A friend has pointed out to me that March 26th was the 72nd birthday of HM Margareta Custodian of the Crown of Romania and was also the 140th anniversary of the proclamation of Romania as an independent Kingdom in 1881 under King Carol I, who had been Prince of the united principalities of Moldavia and Wallachian since 1866. At the the cost of losing part of Moldavia to Russia at the Congress of Berlin in 1878 they had then become independent of Ottoman suzerainty. After the Great War the Kingdom expanded to recover what is now Moldova together with gaining Transylvania. 1940 and 1945 saw further border changes.
There is an online biography of HM Margareta at Margareta of Romania
I have copied the following piece about the Royal arms from A Royal Heraldry.
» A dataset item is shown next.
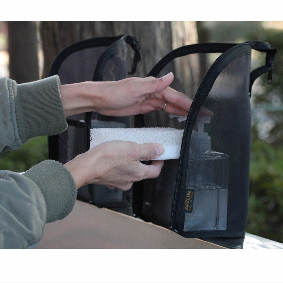 コンセプトは、屋外での洗い物の際に洗剤・スポンジを濡れたまま仕舞えて乾燥出来るメッシュケース。

There is a much more detailed account at Coat of arms of Romania
The Romanian Royal Coat of Arms as adopted in 1921 represents the regions of Romania with the Hohenzollern Family Coat of Arms (Quarterly white and black). King Michael's grandfather, King Ferdinand, was born a prince of Hohenzollern-Sigmaringen before succeeding his uncle King Carol I shortly after the start of World War I in 1914.
On top of the achievement as a whole is an heraldic crown in the Continental style. On top of the Shield, however, is a representation of the Steel Crown, the coronation Crown of Romania. This was made for King Carol I of Romania and was forged at the Army Arsenal in Bucharest from the steel of a cannon captured by the Romanian Army from the Ottomans during the War of Independence (1877-1878). Carol I chose steel, rather than gold, to symbolize the bravery of the Romanian soldiers. He received it during the ceremonies of his coronation and of the proclamation of Romania as a kingdom in 1881. It was used again in 1922 at the coronation of King Ferdinand I and Queen Maria as sovereigns of Romania, which took place in Alba-Iulia and also during the coronation and anointing as King of Michael I by the Orthodox Patriarch of Romania, Nicodim Munteanu, in the Patriarchal Cathedral of Bucharest, on the day of his second accession, September 6, 1940.